Character Interview: Modern Day Fables by Jason Petersen and Aarti Patel

This week’s Character Interview is from the contemporary book Modern Day Fables by Jason Petersen and Aarti Patel. It was published by D2 Books and is currently only available as a Paperback (ISBN 978-0996775922, 05.08.16) and an eBook (Amazon ASIN B01FTBY9UG, 05.16.16). Modern Day Fables by Jason Petersen and Aarti Patel is aimed at readers aged 18+ but it contains no adult themes.

book cover contemporary book Modern Day Fables by Jason Petersen and Aarti Patel


Synopsis of Modern Day Fables by Jason Petersen and Aarti Patel

Fables encourage kids to think about the question, “What would you do?” They’re not simply dry lessons on how to live life, but rather imaginative adventures with clever outcomes. Adults need fables too! Modern Day Fables presents eleven stories that ask the reader to dive in to the modern day dilemma at hand:

-Would you rather live in a screen or in the real world?
-Would you join a club that promises to take all your pain away?
-Would you indulge a magical looking pharmaceutical pill that brings you to a new level of enlightenment and eliminates all anxiety in life?

Not everything is as it appears on the surface. Bend, twist, and unfold reality through these fables that ultimately question the status quo and ask both the adult and kid in you: What would you do?

Name of character to be interviewed


Why was this character chosen for this interview?

Misha bravely introduces the first short story in this collection, venturing out to a place where no one has ever gone before: behind the screen. While there, she must answer a question upon which her very survival depends.

Question 1: How did you come to embark on this adventure?

Answer: It seemed like an ordinary day for me in San Francisco. I was to zoom in for work pretty soon, but before that time arrived, my big screen rang. I answered the call and it was my friend Tsai, who I used to work with a long time ago. You might say, well what’s the big deal? Well, these days people don’t contact each other out in the real world much…the way Tsai was doing. I hadn’t heard from anyone in a long time, because interaction was limited to the virtual world. Tsai needed to see me. I was comforted, yet alarmed to hear from her. Nevertheless, I had to see her and find out what was wrong.

Question 2: Why did you think that something was wrong when Tsai called?

Answer: Well, it’s like you see cats and dogs everyday and then a zebra runs out from nowhere. People don’t talk in the real world. Something had to be amiss for her to want to reach out in this unusual manner. Don’t get me wrong, I like talking to old friends. It’s just that no one does that on a real level anymore, other than inside the screen. Naturally, when I heard from Tsai after many years without contact, over an actual honest to goodness phone call, I was somewhat worried.

Question 3: What did you do next?

Answer: I agreed to meet with her. She wanted to hang out in the real world, not the virtual one. I was looking forward to it. It’s like you haven’t had a home cooked meal in a while, and you’re craving that. That’s how I felt about seeing her. Even if something was wrong, I felt I could help her out. I’d do whatever I could to help out a friend in need. She knew that.

Question 4: You have a little twitch there in your hand. Are you okay?

Answer: Oh, that’s just the buzz. You don’t know about it? It’s pretty common these days. People get it from being inside the screen too much. That’s the world we live in though. The buzz is involuntary, and it comes and goes for me. For some people it’s mild, for others it can get worse. I have some medicine that my friend Earl gave me while I was working in the screen, at Mind Memo. There’s more to that story, but I know we don’t have too much time right now to cover it all. Long story short, my medicine helps keep the buzz under control. I thought maybe Tsai was calling me about the buzz, and I was ready to offer some of my medicine if she needed it.
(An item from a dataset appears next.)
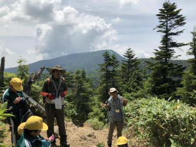 7月25日(水)5年生林間学校 登山に挑戦中です。1名、体調不良により来た道を引き返しました。体調も回復し、教員も付き添っていますので、心配はないようです。

I know that living and working inside the screen, like so many people do, is not easy. If Tsai was dealing with challenges that were similar to what I’d gone through, I could offer her some support. That was my thinking anyway. Instead of being able to directly help her, however, I found myself closer to the screen than I ever imagined I would be.

Question 5: What question did you have to answer in order to survive? Did you have any help?

Answer: The question was:
“Who was she while she was on the screen?” My friend Earl asked me after telling me the story of how the big screen was invented. You may not understand what that question means, but it was at the core of everything I, and many other people, were facing.
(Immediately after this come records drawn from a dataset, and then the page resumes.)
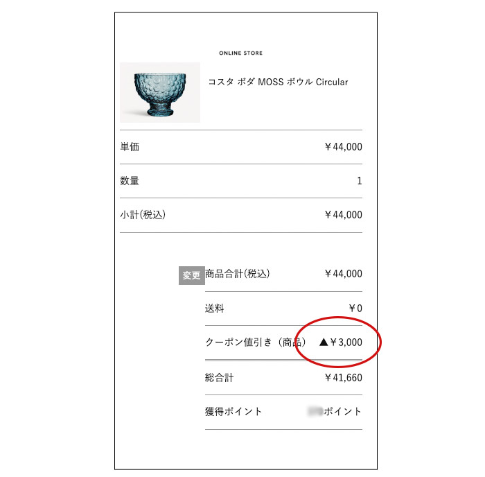 「注文確認」にてクーポンが適用されていることをご確認ください。
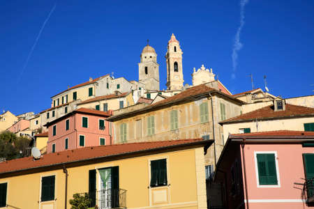 Cervo (IM), Italy - December 30, 2017: Houses and Cervo village, Italian Riviera, Imperia, Liguria, Italy
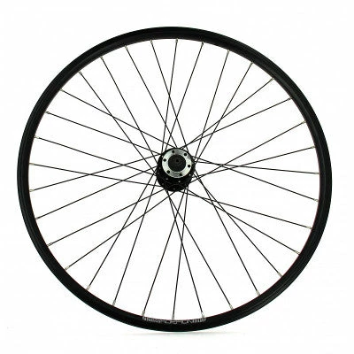Cette roue avant est spécialement conçue pour être montée sur un vélo tout terrain de 26 pouces. Son moyeu est spécialement conçu pour y fixer un disque de frein. Pour installer votre disque de frein, 6 vis M5 de 10 mm vous sont proposées en option. Si besoin, des disques de frein sont disponibles. Tous les éléments de roue (jante, moyeu et rayons) sont noirs. Son moyeu est en aluminium et il est livré avec son axe à serrage rapide. L’entraxe mesure 100 mm. La roue montée pèse 1120 grammes.

As far as help, it may sound silly, but my dog came with me that day. His name is Poof. He gets so excited when I zoom back out of the screen. I couldn’t just leave him at home worrying about me when I left to meet up with Tsai. Poof has always been a bit wary of the big screen, with his little doggy senses. Maybe he knew that taking him would help me summon the courage I needed. Call me crazy, but I felt in my gut that heading out that day was a big deal. When you don’t talk to people very often in person, it’s kind of scary to try it out again. But it was more than that. Whatever had divided me and Tsai all these years, the big screen, it seemed like it was coming out to lunch with us too. Even though we were meeting in the real world, the imprint of the screen couldn’t be fully escaped. I had no idea just how right I was about that, or what I was about to discover.